On Thu, Apr 03, 2008 at 12:43:58AM +0800, Audrey Tang wrote:
> Larry Wall 提到:
>> Yes, unless we decide we need something like that for list
>> comprehensions. Maybe looping modifiers allow placeholders in what
>> would otherwise be an error...
>
> Sure. How about this:
>
> "
> Use of a placeholder parameter in statement-level blocks triggers a
> syntax error, because the parameter is not out front where it can be
> seen. However, it's not an error when prefixed by a C<do>, or when
> followed by a statement modifier:
>
> # Syntax error: statement-level placeholder block
> { say $^x };
>
> # Not an syntax error, though $x doesn't get the argument it wants
> do { say $^x };
>
> # Not an error at all
> { say $^x } for 1..10;
> "
I was originally thinking just loop modifiers, but I suppose
{ say $^x } if foo();
also can be made to make some kind of sense, in the same way that
if foo() -> $x { say $x }
is supposed to work.
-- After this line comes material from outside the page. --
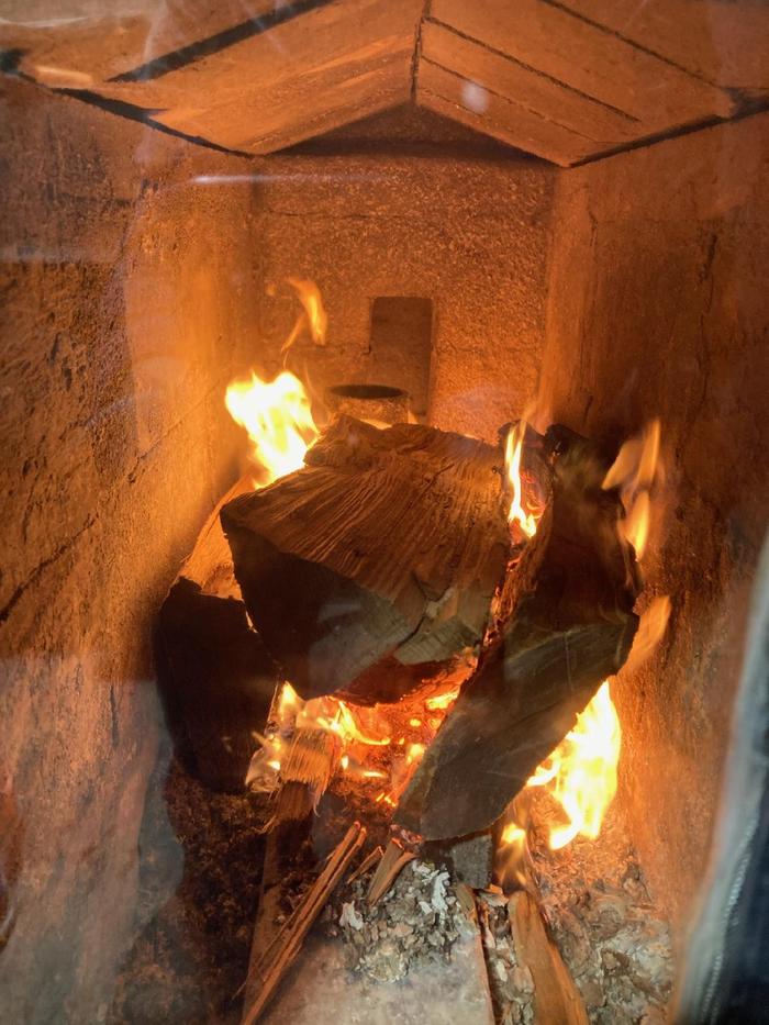 RMH, thank you. Here is mine in action at this very moment. Fire burning sideways, heating up my cast iron cook top where I am heating water in my iron teapot from Japan, purple sweet potatoes in a cast iron skillet handed down from family, and soup in a stainless pot, under which I placed canning rings so the pot isn’t ruined on the hot, hot, cooktop. I love my RMH!
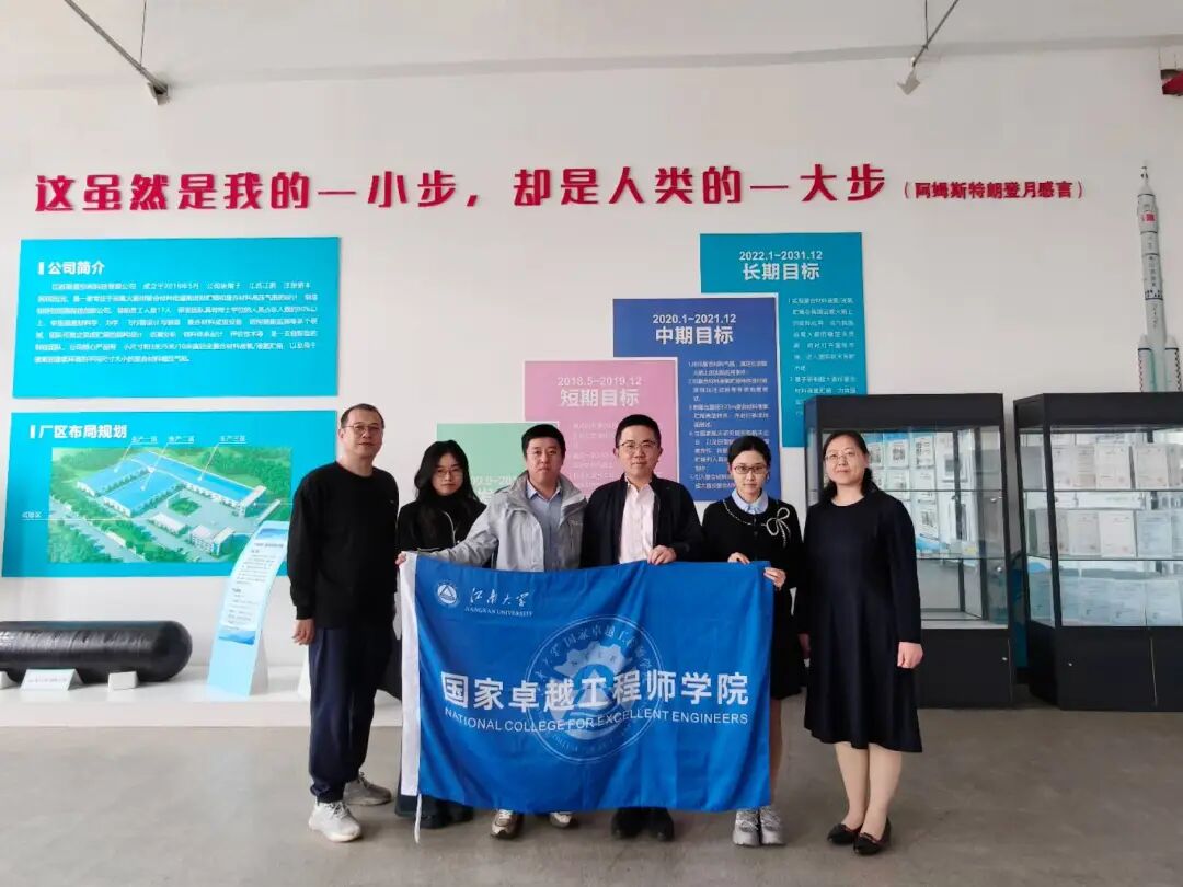 为不断夯实产教融合育人机制,有效掌握驻企学生的项目进展、思想动态与身心状况,4月17日,江南大学国家卓越工程师学院党委副书记兼副院长李雷、培养与质量建设办正科级干部曲平、党政办胡卉君一行,先后前往位于泰州的江苏苏萨食品有限公司和位于江阴的江苏君澄空间科技有限公司走访调研。校内导师,食品学院教授姜启兴、副研究员刘晓丽,纤维工程与装备技术学院副教授李世超等陪同调研。

And we have to do it like that anyway if
we want to say something like:
{ say $^x } if .odd for 1..10;
> I do find it interesting that, because "any block just inside a left
> parenthesis is immediately called like a bare block", we have:
>
> my $x = {1+1}; # $x is a Code
> my $y = ({1+1}); # $y is 2!
>
> Is that correct?
Yes, current STD has the inside of () and [] as <statementlist>,
which throws away all but the last statement. Arguably [] at least
should probably be <semilist> though, and maybe () too.
my @x := [{1+1}; {2+2}]; @x is currently [4], should be [2,4]?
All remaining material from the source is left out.